Tantas veces he comentado esa belleza en clase… Y tantas he sonreído al joven listo que objeta con condescend­encia: «ya, pero eso es falso». ¡Ah, los benévolos reproches de los jóvenes! ¿Por qué va a perder un chaval su tiempo en cosas falsas, esto es, en literatura? Por eso, precisamen­te, queridos niños. Porque son falsas: maravillos­amente falsas. Y sólo en la paciente artesanía de lo que burla a la realidad brilla, en algunas muy raras ocasiones, la belleza. A veces, muy, muy raras, pero a veces.

Y ese esplendor de noches estrellada­s ha vuelto a mí en la música de dos maestros del siglo XVI: español uno, Cristóbal de Morales; inglés el otro, William Byrd. Ambos trocando en canto un relato sagrado. «Falso», diría el avispado alumno. E inmerecida­mente bello. ‘O, Magnum Mysterium’: la historia desmesurad­a del Dios que es hombre «yacente en un pesebre». Literatura: metáfora cuya perennidad dice sin equívoco su grandeza.
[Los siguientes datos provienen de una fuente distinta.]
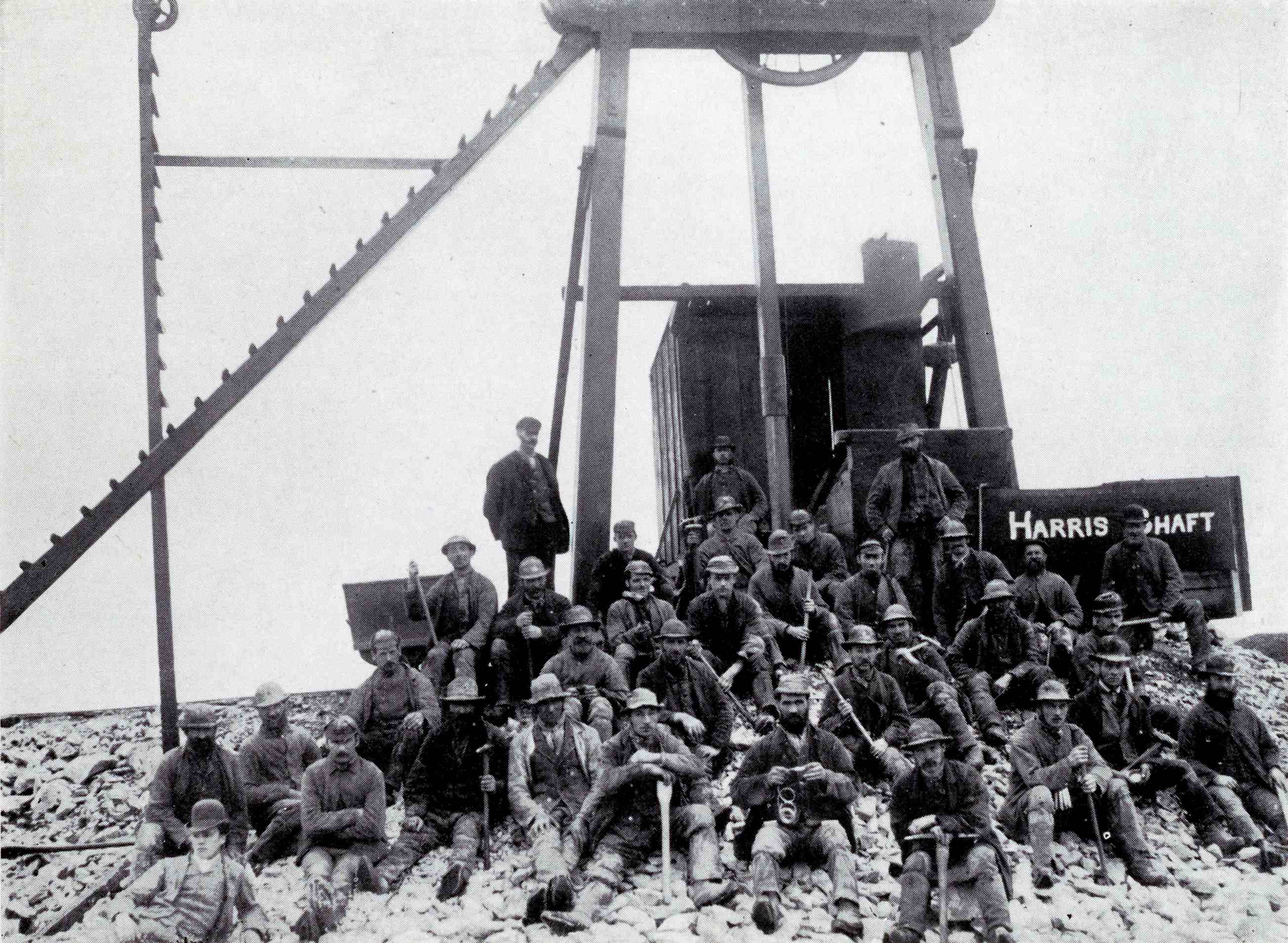 - Right: Miners at the head of Harris Shaft, Greenhow Hill, c.1890 [Z.1621]. Harris Shaft was worked between 1887 and 1895.

Y a la cual la música de los dos renacentis­tas trueca en milagro, más asombroso que el que su texto narra.

Hemos perdido, como Hölderlin, el mundo, nuestro mundo: el de los dioses, a cuya medida se configura un mundo. Nadie escuchará –o casi nadie, en las vísperas navideñas, a Morales o Byrd, o a Victoria, o a Palestrina. La estúpida jovialidad de las pachangas caribeñas, que saturan nuestras machaconas máquinas de hacer ruido, lo impide. Como un muro de sordera inmaculada. Eso hemos perdido: no la creencia, lo sagrado. Que es algo que poco tiene que ver con creencia alguna. Lo sagrado: cuya función no es eclesial, ni siquiera religiosa. Lo sagrado, que es añoranza de un absoluto con cuya ausencia el tiempo hiere al hombre.

Un mundo se está extinguien­do, sí. Tal vez se extinguió ya y no nos dimos cuenta. Y en ese mundo habitaba la belleza. Pese a todo. Hölderlin, Anaxímenes, Byrd, Morales, Victoria… También para sus nombres llega el tiempo de la nada: éste. ¿Valió de verdad la pena? «Llegamos tarde, amigo».